Your objective
Here is the task for the listing below: output exactly the lines from the one containing "Vòng tay đồng" through the one containing "Bei der Katalog-Nummer", and leave out the pictures.

Material for this task
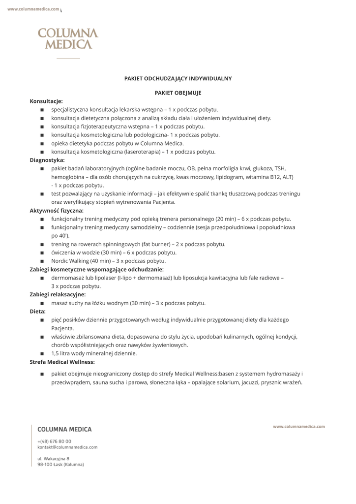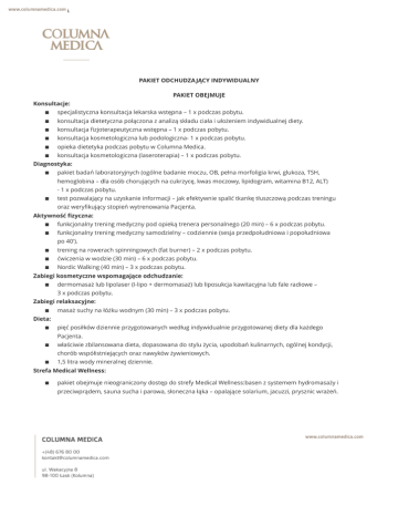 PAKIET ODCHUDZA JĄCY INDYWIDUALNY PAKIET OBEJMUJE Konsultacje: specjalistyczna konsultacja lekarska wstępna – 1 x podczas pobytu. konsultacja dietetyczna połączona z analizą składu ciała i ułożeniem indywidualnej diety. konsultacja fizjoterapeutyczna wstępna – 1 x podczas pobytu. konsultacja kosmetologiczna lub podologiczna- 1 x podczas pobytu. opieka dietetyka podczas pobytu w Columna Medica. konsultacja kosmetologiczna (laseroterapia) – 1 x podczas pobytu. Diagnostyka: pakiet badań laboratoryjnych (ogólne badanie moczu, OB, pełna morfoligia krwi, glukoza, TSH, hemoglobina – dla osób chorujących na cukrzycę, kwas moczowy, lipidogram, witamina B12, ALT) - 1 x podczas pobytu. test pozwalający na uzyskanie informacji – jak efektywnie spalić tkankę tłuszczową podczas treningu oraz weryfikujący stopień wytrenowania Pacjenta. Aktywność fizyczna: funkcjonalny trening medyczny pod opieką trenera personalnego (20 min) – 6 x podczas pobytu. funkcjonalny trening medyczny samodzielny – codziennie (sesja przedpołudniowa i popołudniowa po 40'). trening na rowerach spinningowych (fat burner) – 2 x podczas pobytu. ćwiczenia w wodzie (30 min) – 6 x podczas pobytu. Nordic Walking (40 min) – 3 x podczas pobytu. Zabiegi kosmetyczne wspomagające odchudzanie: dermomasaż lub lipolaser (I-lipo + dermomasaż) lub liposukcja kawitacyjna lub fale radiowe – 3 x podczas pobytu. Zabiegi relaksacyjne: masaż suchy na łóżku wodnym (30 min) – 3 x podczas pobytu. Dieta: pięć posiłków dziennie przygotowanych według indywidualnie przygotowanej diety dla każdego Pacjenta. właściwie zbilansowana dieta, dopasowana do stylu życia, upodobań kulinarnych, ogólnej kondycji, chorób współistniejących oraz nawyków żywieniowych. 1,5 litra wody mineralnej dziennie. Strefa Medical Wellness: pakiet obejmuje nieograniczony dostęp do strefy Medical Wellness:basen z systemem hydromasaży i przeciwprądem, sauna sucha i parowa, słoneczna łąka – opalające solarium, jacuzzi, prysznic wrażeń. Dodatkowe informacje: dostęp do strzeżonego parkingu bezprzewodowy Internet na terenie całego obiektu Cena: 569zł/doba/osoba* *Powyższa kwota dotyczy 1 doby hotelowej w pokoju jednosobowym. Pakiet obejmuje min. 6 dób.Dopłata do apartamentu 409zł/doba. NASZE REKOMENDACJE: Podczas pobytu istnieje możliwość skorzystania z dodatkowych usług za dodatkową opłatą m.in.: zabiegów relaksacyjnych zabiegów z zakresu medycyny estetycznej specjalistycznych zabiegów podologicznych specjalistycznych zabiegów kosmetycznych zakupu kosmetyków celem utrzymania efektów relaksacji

==

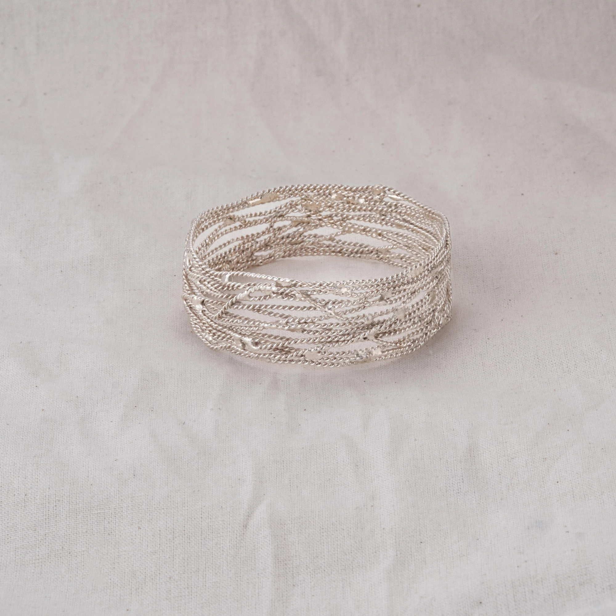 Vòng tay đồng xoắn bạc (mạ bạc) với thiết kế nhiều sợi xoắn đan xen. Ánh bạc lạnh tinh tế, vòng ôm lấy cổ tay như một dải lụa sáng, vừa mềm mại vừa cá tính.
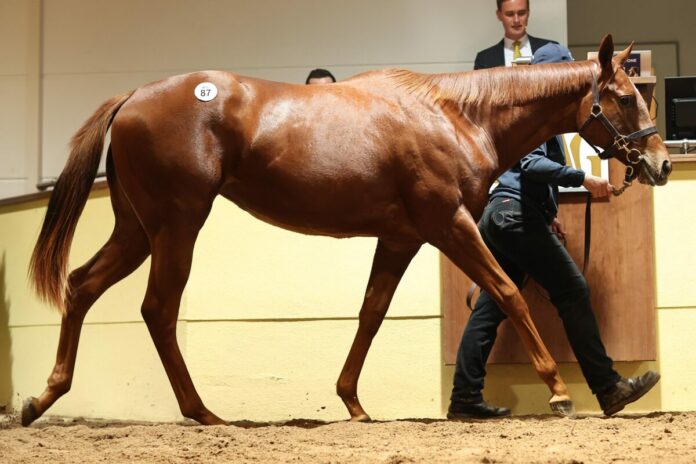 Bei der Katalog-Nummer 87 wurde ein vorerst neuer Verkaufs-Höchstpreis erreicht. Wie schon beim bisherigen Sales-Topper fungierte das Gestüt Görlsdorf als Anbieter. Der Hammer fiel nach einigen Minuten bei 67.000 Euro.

Problem solution
 Vòng tay đồng xoắn bạc (mạ bạc) với thiết kế nhiều sợi xoắn đan xen. Ánh bạc lạnh tinh tế, vòng ôm lấy cổ tay như một dải lụa sáng, vừa mềm mại vừa cá tính.
 Bei der Katalog-Nummer 87 wurde ein vorerst neuer Verkaufs-Höchstpreis erreicht. Wie schon beim bisherigen Sales-Topper fungierte das Gestüt Görlsdorf als Anbieter. Der Hammer fiel nach einigen Minuten bei 67.000 Euro.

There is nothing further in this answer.